Go to the line with "Please note that" in the entries below and write out every line from there through the line with "輕量連帽造型寬版防風外套 三色售", exactly and without pictures.

(INFORMATION)
• • •

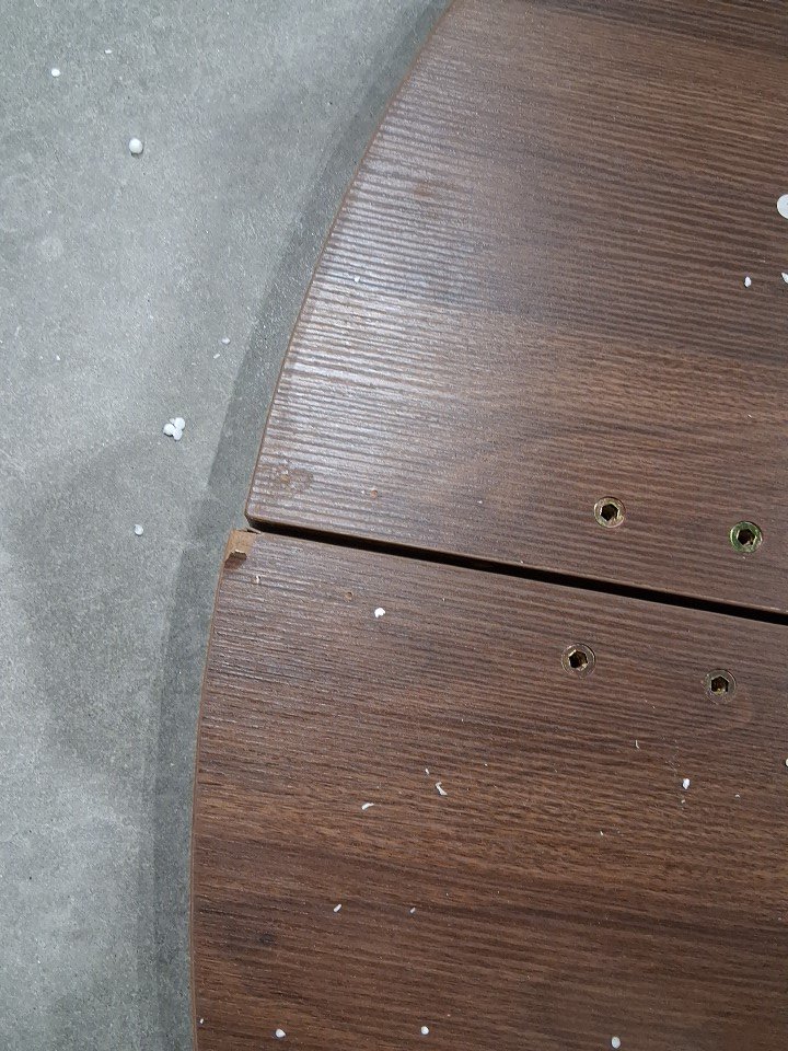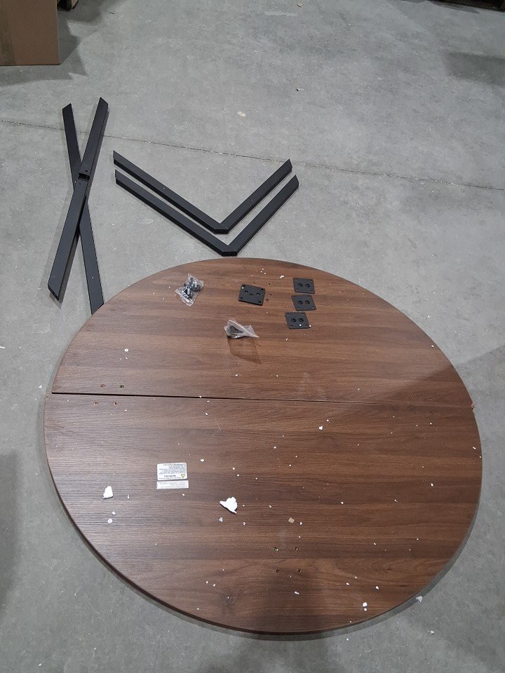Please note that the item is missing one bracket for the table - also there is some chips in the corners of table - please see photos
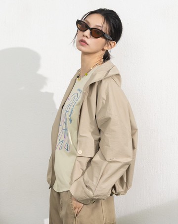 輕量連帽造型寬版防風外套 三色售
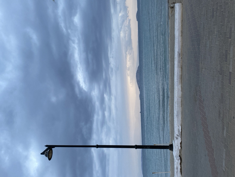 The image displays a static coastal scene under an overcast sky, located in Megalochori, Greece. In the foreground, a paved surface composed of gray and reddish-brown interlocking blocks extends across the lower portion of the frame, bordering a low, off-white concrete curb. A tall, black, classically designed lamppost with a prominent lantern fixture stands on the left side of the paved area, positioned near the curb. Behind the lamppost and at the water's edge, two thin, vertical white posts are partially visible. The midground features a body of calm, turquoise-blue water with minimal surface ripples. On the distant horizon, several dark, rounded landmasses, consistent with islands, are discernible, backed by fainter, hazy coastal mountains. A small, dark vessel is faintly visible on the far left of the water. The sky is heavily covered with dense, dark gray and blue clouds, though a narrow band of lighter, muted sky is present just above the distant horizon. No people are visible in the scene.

• • •

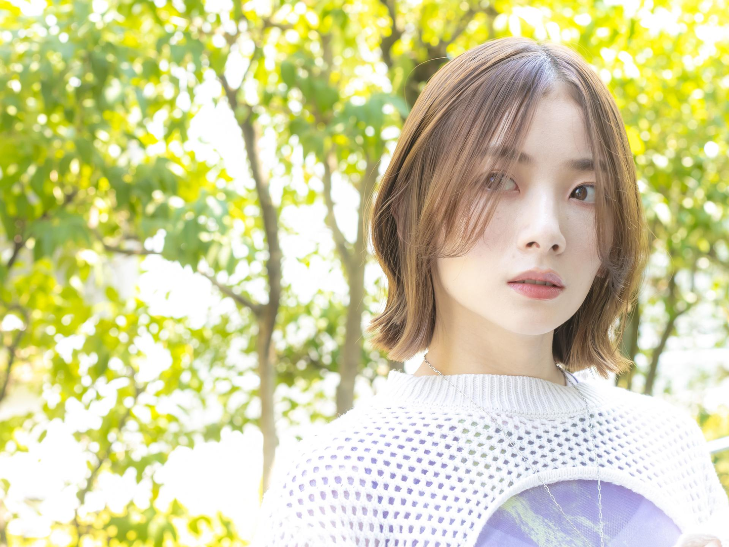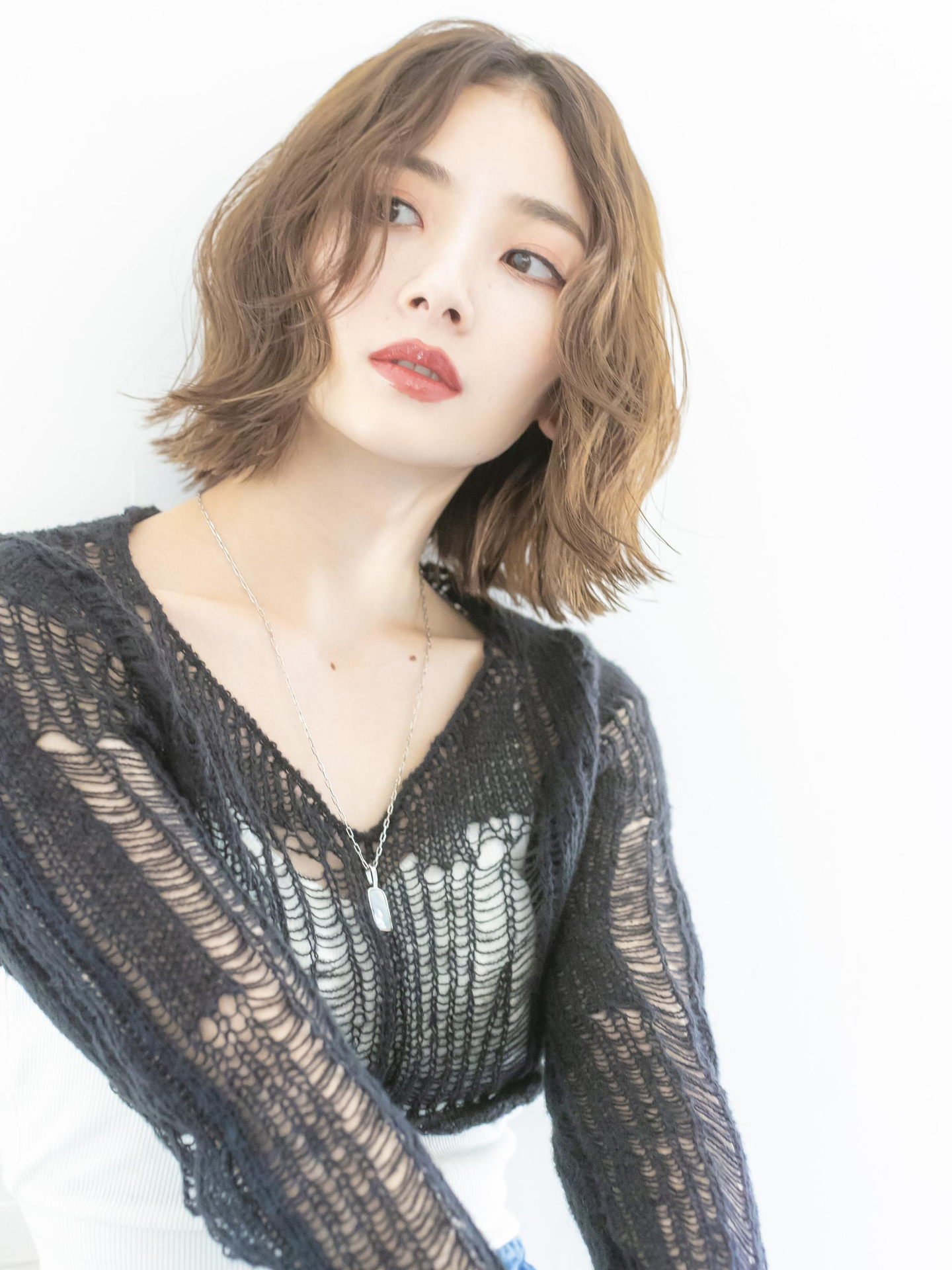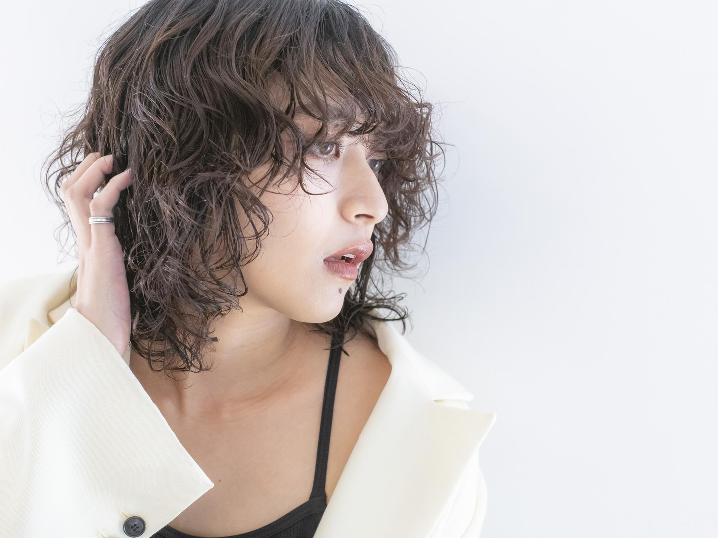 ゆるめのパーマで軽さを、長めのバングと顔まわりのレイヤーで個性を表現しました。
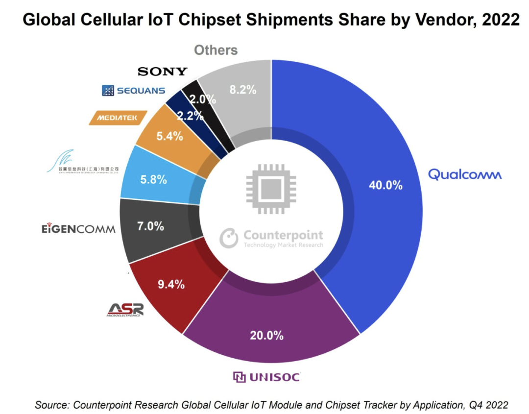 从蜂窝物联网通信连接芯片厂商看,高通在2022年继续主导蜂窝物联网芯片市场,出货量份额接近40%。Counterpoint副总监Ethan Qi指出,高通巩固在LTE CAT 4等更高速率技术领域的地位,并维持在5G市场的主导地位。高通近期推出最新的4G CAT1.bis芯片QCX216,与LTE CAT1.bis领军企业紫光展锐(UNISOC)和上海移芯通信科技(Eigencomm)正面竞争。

• • •

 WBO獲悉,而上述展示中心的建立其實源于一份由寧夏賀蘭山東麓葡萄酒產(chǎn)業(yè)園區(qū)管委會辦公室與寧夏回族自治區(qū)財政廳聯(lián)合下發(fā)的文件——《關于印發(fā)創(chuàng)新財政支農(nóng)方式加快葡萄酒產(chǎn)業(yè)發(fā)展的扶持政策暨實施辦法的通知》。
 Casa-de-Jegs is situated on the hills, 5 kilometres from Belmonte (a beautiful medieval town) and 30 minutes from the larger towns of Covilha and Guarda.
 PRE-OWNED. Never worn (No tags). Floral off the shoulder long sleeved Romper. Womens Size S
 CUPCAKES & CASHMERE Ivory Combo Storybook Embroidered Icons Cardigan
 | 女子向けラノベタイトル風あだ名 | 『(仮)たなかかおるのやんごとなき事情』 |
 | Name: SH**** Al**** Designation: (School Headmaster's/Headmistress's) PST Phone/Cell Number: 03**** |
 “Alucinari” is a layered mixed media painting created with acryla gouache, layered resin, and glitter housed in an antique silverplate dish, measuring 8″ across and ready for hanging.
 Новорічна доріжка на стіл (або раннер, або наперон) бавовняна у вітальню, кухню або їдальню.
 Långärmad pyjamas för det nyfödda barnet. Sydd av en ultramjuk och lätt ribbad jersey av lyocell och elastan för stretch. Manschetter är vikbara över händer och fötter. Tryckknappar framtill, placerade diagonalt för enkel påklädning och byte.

• • •

(WRITTEN REPLY)
Please note that the item is missing one bracket for the table - also there is some chips in the corners of table - please see photos
 輕量連帽造型寬版防風外套 三色售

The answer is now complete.